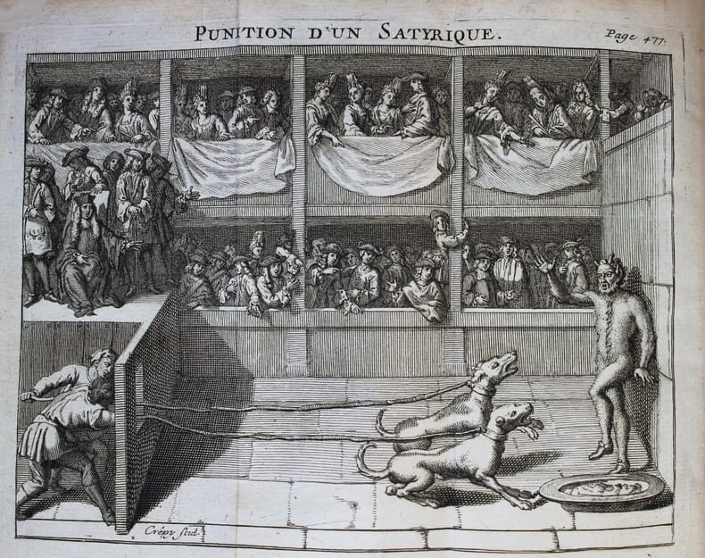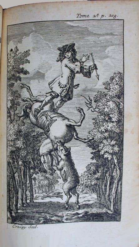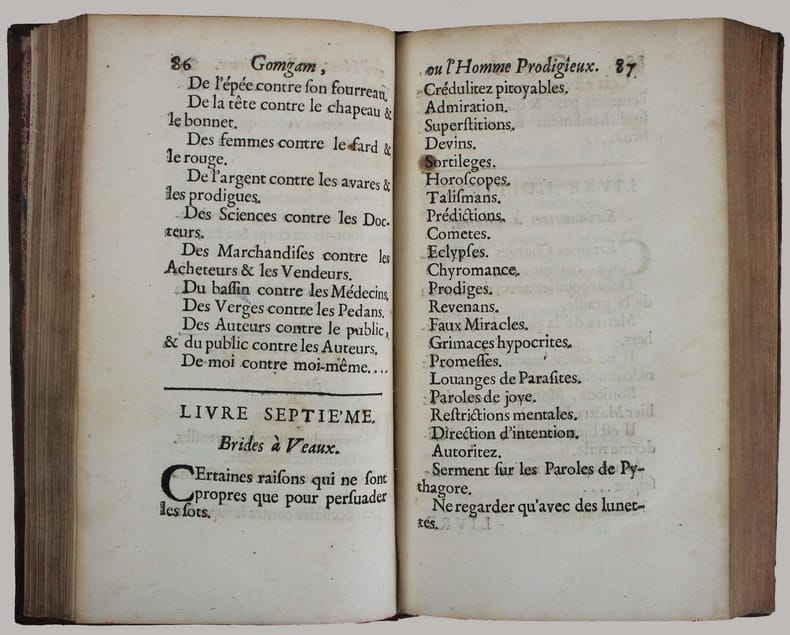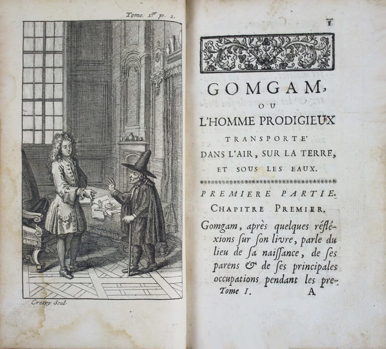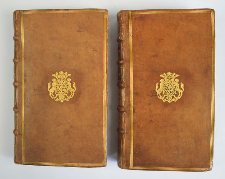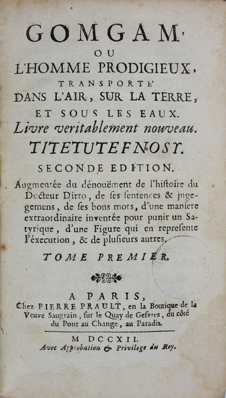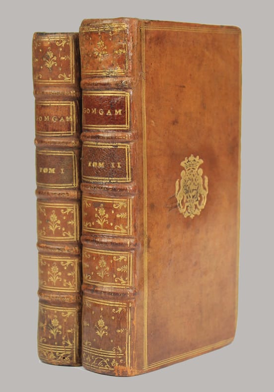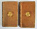 Illustré par 9 planches gravées hors-texte. Laurent Bordelon (1653-1730) était romancier, dramaturge, journaliste, utopiste, précepteur... et docteur en théologie (!) Il publia une quarantaine d'ouvrages, la plupart sont des romans ou des pièces satyriques. Dans celui-ci, Gomgam peut se transporter dans les airs en tenant une flèche d'or. Cela lui donne "beaucoup de facilités pour détruire bien des mensonges". On y trouve le projet d'un grand ouvrage de 100 volumes que Gomgam avait entrepris de faire, intitulé : "Le monde risible ou bibliothèque comique", le premier volume étant "L'agenda de ceux qui n'ont rien à faire". "Seconde édition, augmentée du dénouement de l'histoire du docteur Dirto, de ses sentences & jugemens, de ses bons mots, d'une manière extraordinaire inventée pour punir un satyrique, d'une figure qui en représente l'exécution, & de plusieurs autres". Bordelon "s'étant repenti quelques années avant sa mort, arrivée en 1730, de toutes les frivolités quil avait écrites, il fit tout ce quil put pour en ôter le souvenir ; ce qui est cause quon a si peu de ses ouvrages, qui sont tous en prose, & d'un style comique, & même bas." (Dictionnaire portatif historique et littéraire des théâtres, 1763). Provenance : Armes dorées sur les plats de Joseph de Bourguignon-Bussiere, marquis de la Mure (Marseille, 1722 -1789), aide de camp du maréchal de Richelieu au siège de Port Mahon, puis officier dans les gardes du corps de Stanislas, roi de Pologne, et grand collectionneur de dessins et de livres. Un cachet effacé sur les titres. Petites restaurations à la reliure. Bon exemplaire. Caillet, Manuel bibliographique des sciences psychiques ou occultes 1422. /// 2 volumes in-12 de (50), 343, (4) pp. / (8), 488 pp., 9 planches h.-t. Veau glacé, dos à nerfs orné, encadrements sur les plats avec armes au centre. (Reliure de l'époque.) //// Illustrated with 9 engraved plates out of text. Laurent Bordelon (1653-1730) was a novelist, playwright, journalist, utopian, tutor... and doctor of theology (!) He published some forty works, most of them novels or satirical plays. In this one, Gomgam can transport himself through the air by holding a golden arrow. This gives him great facility in destroying many lies. There's a project for a large 100-volume book that Gomgam had undertaken to make, entitled Le monde risible ou bibliothèque comique, the first volume being L'agenda de ceux qui n'ont rien à faire. Seconde édition, augmentée du dénouement de l'histoire du docteur Dirto, de ses sentences & jugemens, de ses bons mots, d'une maniere extraordinaire inventée pour punir un satyrique, d'une figure qui represente l'éxécution, & de plusieurs autres. Bordelon having repented a few years before his death, which occurred in 1730, of all the frivolities he had written, he did everything he could to remove the memory of them; which is why we have so few of his works, which are all in prose, & of a comic style, & even low. (Dictionnaire portatif historique et littéraire des théatres, 1763). Provenance: Gilded arms on boards of Joseph de Bourguignon-Bussiere, Marquis de la Mure (Marseille, 1722 -1789), aide-de-camp to Marshal de Richelieu at the siege of Port Mahon, then officer in the bodyguard of Stanislas, King of Poland, and a great collector of drawings and books. A faded stamp on the titles. Minor restorations to binding. A good copy.
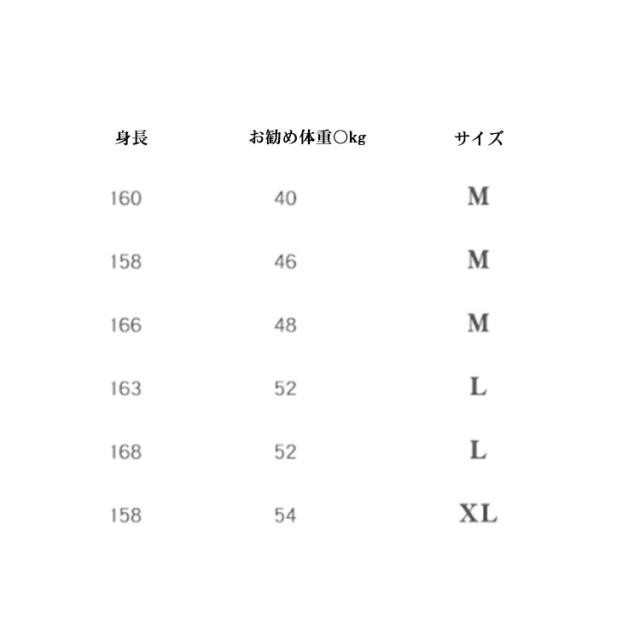 | サイズについての説明 | 【サイズ】 【M】 目安体重40〜48kg 目安身長160〜166cm 【L】 目安体重52kg 目安身長163〜168cm 【XL】 目安体重54kg 目安身長168〜174cm ※上記サイズは平置き実寸になります。 サイズ表の実寸法は商品によって1-3cm程度の誤差がある場合がございます。 |
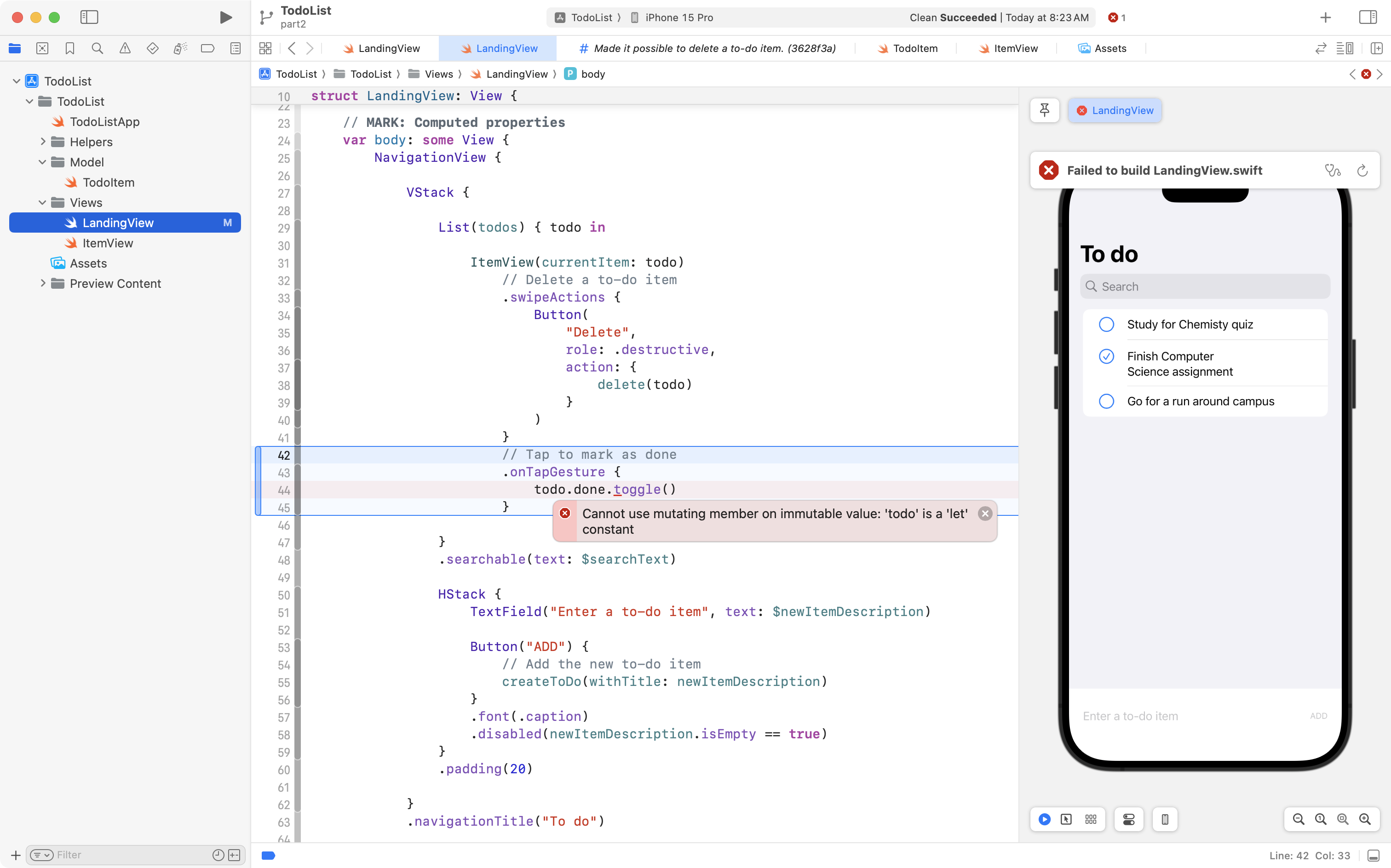 “Cannot use mutating member on immutable value: ‘todo’ is a ‘let’ constant”
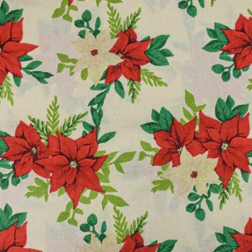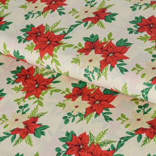 Tecido de Algodão Estampado (Meio Metro) - Natal Poinsétia Média Fundo Bege
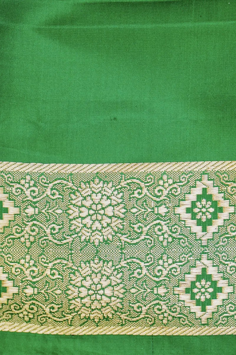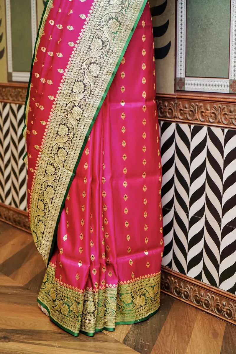 Saree Details : Saree Fabric : Pure Banarasi Double Katan Silk | Blouse Fabric : Pure Banarasi Double Katan Silk | Saree Work : Golden Zari With Meenakaari Booti & Aanchal | Blouse Work : Golden Zari Border Plain | Saree Color: Rani With Green Border | Blouse Color: Green
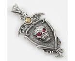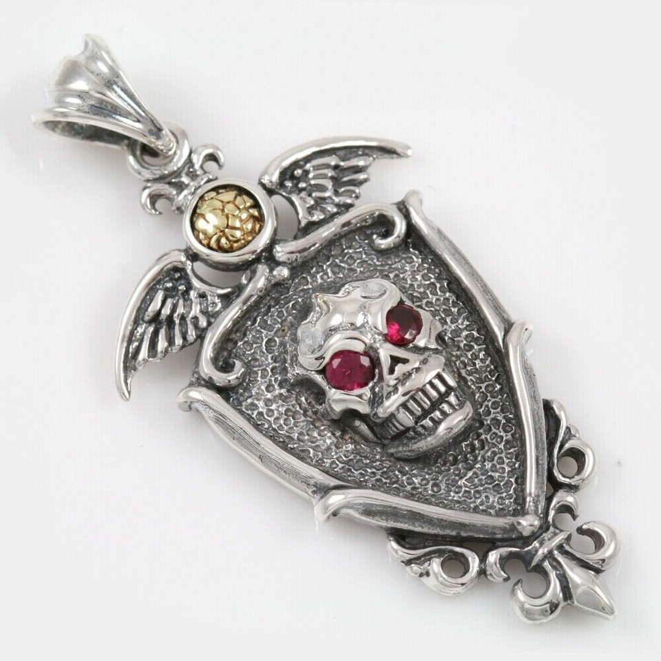 - Red EyeSkull on Winged Shield with Fleur-De-Lis emblem Two Tone Bronze & Silver
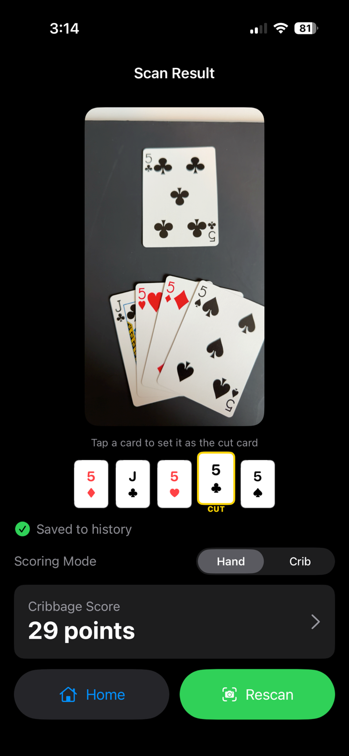 Lay out your cribbage hand with the cut card separated slightly. Point your iPhone at the cards and CribVision locks in each card as it’s detected. Once all five cards are identified, you get an instant score with a full breakdown of every scoring combination.

****************************************

> Task to carry out:
Repeat word for word only the lines from the line holding "Saree Details : Saree" to the final line of the material, both included. Don't carry over any picture.

> Output of the task:
 Saree Details : Saree Fabric : Pure Banarasi Double Katan Silk | Blouse Fabric : Pure Banarasi Double Katan Silk | Saree Work : Golden Zari With Meenakaari Booti & Aanchal | Blouse Work : Golden Zari Border Plain | Saree Color: Rani With Green Border | Blouse Color: Green
 - Red EyeSkull on Winged Shield with Fleur-De-Lis emblem Two Tone Bronze & Silver
 Lay out your cribbage hand with the cut card separated slightly. Point your iPhone at the cards and CribVision locks in each card as it’s detected. Once all five cards are identified, you get an instant score with a full breakdown of every scoring combination.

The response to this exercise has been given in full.